As Bitcoin has struggled to maintain its value during that latter part of this year – and with it currently standing at less than 25% of its value during January – the miner that underpin its ecosystem appear to have begun turning off their machines.
According to numbers charted by Blockchain.com yesterday’s 34 exahashes (10^18) per second was a dip in processing effort that rolled back the clock to July this year – with mining having hit a peak with a spike in late August at around 61 exahashes.
While adjusted 7-day averages, show that there has been a steady downward trend in the amount of computing power being dedicated to mining Bitcoin since late September, with a markedly steeper drop-off during November, the hash rate still remains significantly elevated compared to the start of the year. As the price of Bitcoin peaked in January, exahash rates sat in the low-teens – a number that itself was 10-or-so exahashes per second higher than it had been a year prior.

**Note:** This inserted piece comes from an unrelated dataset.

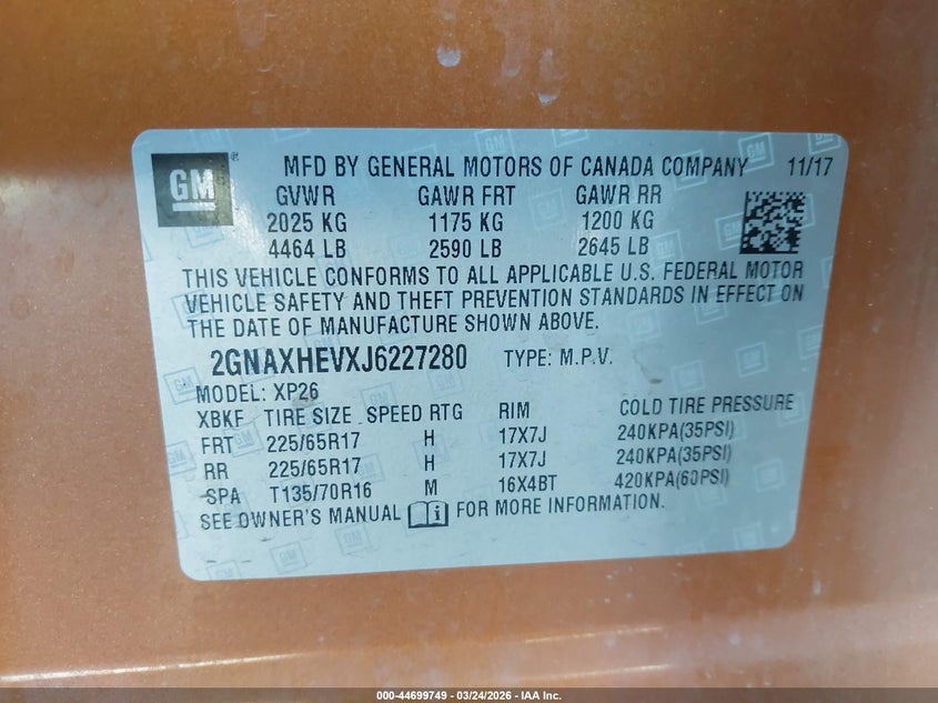 • 2GNAXHEVXJ6227280

The last drop-off the 7-day chart above shows coincides with the Bitcoin Cash hard fork, which has seen persistent rumours of Bitcoin hash power being diverted under leasing agreements to prop up the two battling blockchains there. According to research by BitMEX, the leasing and power costs of that diverted computing power has been costing the opposing factions millions per day. That recent development, however, cannot account for the longer-term downtrend.
Earlier in the year, as hashrates peaked, we reported $7,300 to be the estimate breakeven market price for mining Bitcoin. With the price of BTC now down in the low $4,000s its unsurprising to find pools struggling – though mining difficulty has also come down for the first time in 2018 of late.